Sure, in isolation. But it is not an isolated message,
it is THE message of the age broadcast in small doses in
hundreds of ways that there is no truth except what you
think it is…. And if you load enough pennies in a sack
eventually it will weigh enough to crush someone.
I have
a lot more to say about this but I’m out of time today.
Next week:
-
Moral relativism: should we return to boiling people in
oil for their philosophy?
-
What is truth?
-
A man who thought he was a rabbit.
-
1959 Cadillacs
-
And ten things you can’t say as a humanistic relativist.
************ Part 2 ************
In the
previous rant… ummm, podcast…. I talked about the gospel
of relativism and how it is spread through the media,
mostly blatantly but often subtly and inconspicuously.
I remember a few years ago listening to a local talk
radio station and it dawned on me across the day that
ALL of the hosts would encourage callers by saying “How
do you FEEEEL about that….” . Not once in a day would a
program host say… “What do you think…” it was ALWAYS how
do you feel. I’m not a conspiracy theorist by a long
shot, but it certainly seemed that this was a result of
a directive, training or some kind of manual for talk
show hosts on this particular station. Is there a real
philosophical difference between “How do you feel” and
“What do you think”? In reality there is, but according
to the vague anthropology of our culture there isn’t a
difference, the two are definitionally virtually
synonymous. And in practice for the most part, we are
indeed led by our emotions and not our reason. Debby
Boone’s old lyrics and the thousands of variations on
them “How can it be wrong when it feels so right…” is
an anthropological statement that defines the human
person and how we process reality.
One of
the issues in our culture is that we don’t have open
debate and intelligent dialogue about things as basic as
a view of the human person, metaphysics and the universe.
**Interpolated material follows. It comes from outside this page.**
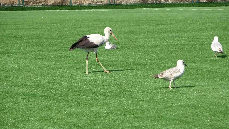 Bu leylek futbol sahasında martıların arasında dinlenmeyi yeğledi

We can discuss the bail out, taxes, the airlines checked
baggage charges, interest rates… we can debate and
scream all day at each other about anything in
“particular” but we can’t discuss everything “in general”.
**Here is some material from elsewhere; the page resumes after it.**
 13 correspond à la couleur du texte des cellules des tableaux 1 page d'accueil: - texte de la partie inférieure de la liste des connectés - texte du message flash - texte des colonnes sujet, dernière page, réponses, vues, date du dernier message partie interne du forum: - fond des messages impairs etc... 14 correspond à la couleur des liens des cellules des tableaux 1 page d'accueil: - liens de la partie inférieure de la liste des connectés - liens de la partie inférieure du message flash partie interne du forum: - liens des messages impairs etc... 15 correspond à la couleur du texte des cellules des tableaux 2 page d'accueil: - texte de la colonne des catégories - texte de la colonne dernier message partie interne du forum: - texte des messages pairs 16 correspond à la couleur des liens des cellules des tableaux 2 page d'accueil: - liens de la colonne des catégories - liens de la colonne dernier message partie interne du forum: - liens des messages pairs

We’re willing to hear and debate people’s opinions on
“some things” but not on “everything”, which is what is
really important because how we define the universe will
determine how we define what is and isn’t an issue and
what should or can be done about them.
There
used to be heretics in the world, now there are merely
personal feelings about things. Heretics can only exist
where there is dogma, and in former times people were
burned at the stake for a wrong philosophy. Of course
we’re much more enlightened than that now and no longer
boil people in oil for heretical beliefs, but the issue
is not so much whether we should use the cauldron of oil
as a penalty, it is how we have done away with the
notion of “heresy”.
GK
Chesterton in “Orthodoxy” said, There is only one thing
that is infinitely more absurd and unpractical than
burning a man for his philosophy. This is the habit of
saying his philosophy does not matter. Politeness,
intellectual laziness, and lack of willingness to openly
explore and address the consequences of one’s philosophy
has done to the world what the Inquisition, Crusades,
witch hunts, the stocks, the stake and the cauldron
could not do: silence the heretics.
The
fact of the matter is we are living in a neo-pagan world.
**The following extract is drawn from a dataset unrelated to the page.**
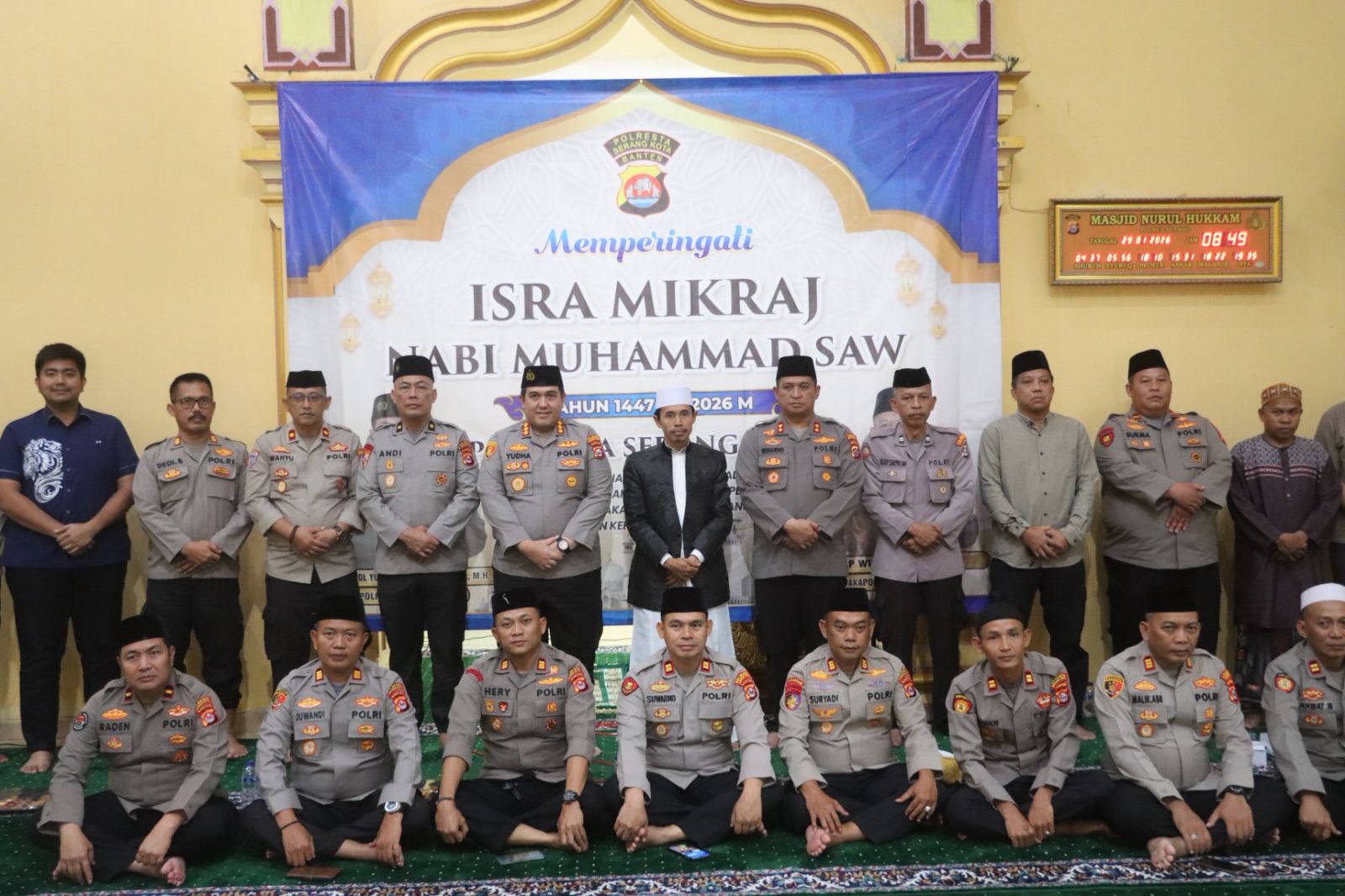 POLRESTA SERKOT | WIT–Kapolresta Serang Kota Kombes Pol. Yudha Satria, S.H., S.I.K., M.H., bersama Ketua Bhayangkari Cabang Serang Kota dan ibu-ibu Bhayangkari, Pejabat Utama (PJU), serta seluruh personel Polresta Serang Kota mengikuti kegiatan peringatan Isra Mi’raj Nabi Muhammad SAW Tahun 1447 H/2026 M yang dilaksanakan di Masjid Nurul Hukkam Polresta Serang Kota pada Kamis, 29/01/2026.

The pagan is thought of as a person without religion, it
is actually a person with several religions and most of
them have at the center themselves as their god. The
moral relativist is the modern pagan, usually a person
who claims to have either no religion but is “spiritual”.
The New Age spirituality is a modern expression of
paganism that, to its discredit, has an even fuzzier
definition of God and the universe than true ancient
pagans did. The ancient pagans at least had gods who
were in control of various aspects of creation and the
human being’s behavior even if it meant sacrificing
virgins or having a fertility ritual in the fields at
the spring equinox. The modern pagans have no gods but
themselves because they are too enlightened, spiritually
highly evolved, and smart to believe in Pan, Bacchus or
Zeus…but they go for wine, women and song without the
whole “god thing” attached to it.
Modern
paganism’s attraction is that it is vague and ambiguous
enough that it allows its adherents to justify any
behavior they want to in themselves or others with whom
they happen to agree. It also permits them to condemn
anything that smacks of intolerance and judgmentalism….all
in the name of being on a higher spiritual plane than
everyone else caught up in ancient moralities that don’t
apply to our modern advanced and enlightened age.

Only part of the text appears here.